> **DATA BELOW**
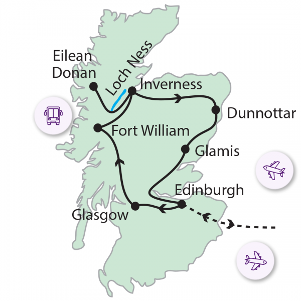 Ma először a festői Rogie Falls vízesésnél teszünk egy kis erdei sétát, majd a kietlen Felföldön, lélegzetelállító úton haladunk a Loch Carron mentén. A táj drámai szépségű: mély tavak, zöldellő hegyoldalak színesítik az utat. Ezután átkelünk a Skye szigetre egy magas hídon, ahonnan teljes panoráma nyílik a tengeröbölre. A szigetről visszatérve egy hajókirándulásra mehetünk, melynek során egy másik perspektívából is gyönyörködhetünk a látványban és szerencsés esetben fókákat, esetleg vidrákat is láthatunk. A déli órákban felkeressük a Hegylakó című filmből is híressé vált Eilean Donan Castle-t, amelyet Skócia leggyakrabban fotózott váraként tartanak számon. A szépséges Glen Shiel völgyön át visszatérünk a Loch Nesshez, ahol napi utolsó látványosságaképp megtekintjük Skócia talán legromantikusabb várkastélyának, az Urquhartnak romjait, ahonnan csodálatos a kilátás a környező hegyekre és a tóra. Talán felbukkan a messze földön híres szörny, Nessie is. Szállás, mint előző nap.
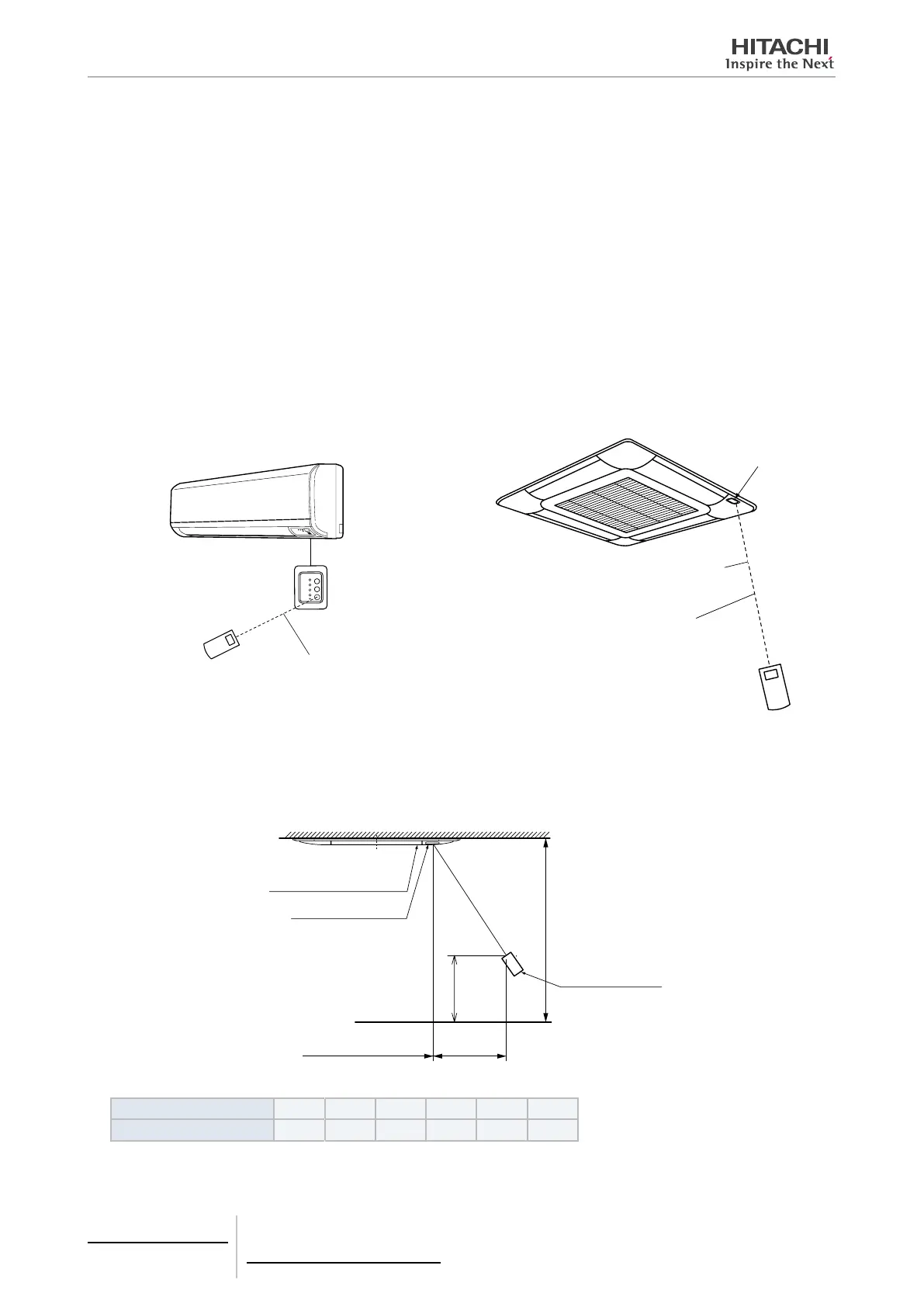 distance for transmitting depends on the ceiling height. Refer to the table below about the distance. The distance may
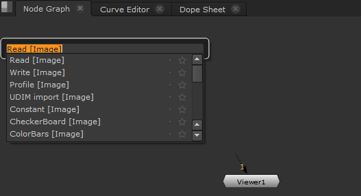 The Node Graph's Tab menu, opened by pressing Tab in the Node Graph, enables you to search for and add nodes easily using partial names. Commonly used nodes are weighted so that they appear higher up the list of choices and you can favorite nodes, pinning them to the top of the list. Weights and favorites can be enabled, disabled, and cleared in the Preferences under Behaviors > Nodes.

> **PROBLEM DETAILS**
Without any pictures, please write out the lines from the one containing "distance for transmitting" through the final line of the data, exactly and inclusive of both ends.

> **RESPONSE TO THIS TASK**
 distance for transmitting depends on the ceiling height. Refer to the table below about the distance. The distance may
 The Node Graph's Tab menu, opened by pressing Tab in the Node Graph, enables you to search for and add nodes easily using partial names. Commonly used nodes are weighted so that they appear higher up the list of choices and you can favorite nodes, pinning them to the top of the list. Weights and favorites can be enabled, disabled, and cleared in the Preferences under Behaviors > Nodes.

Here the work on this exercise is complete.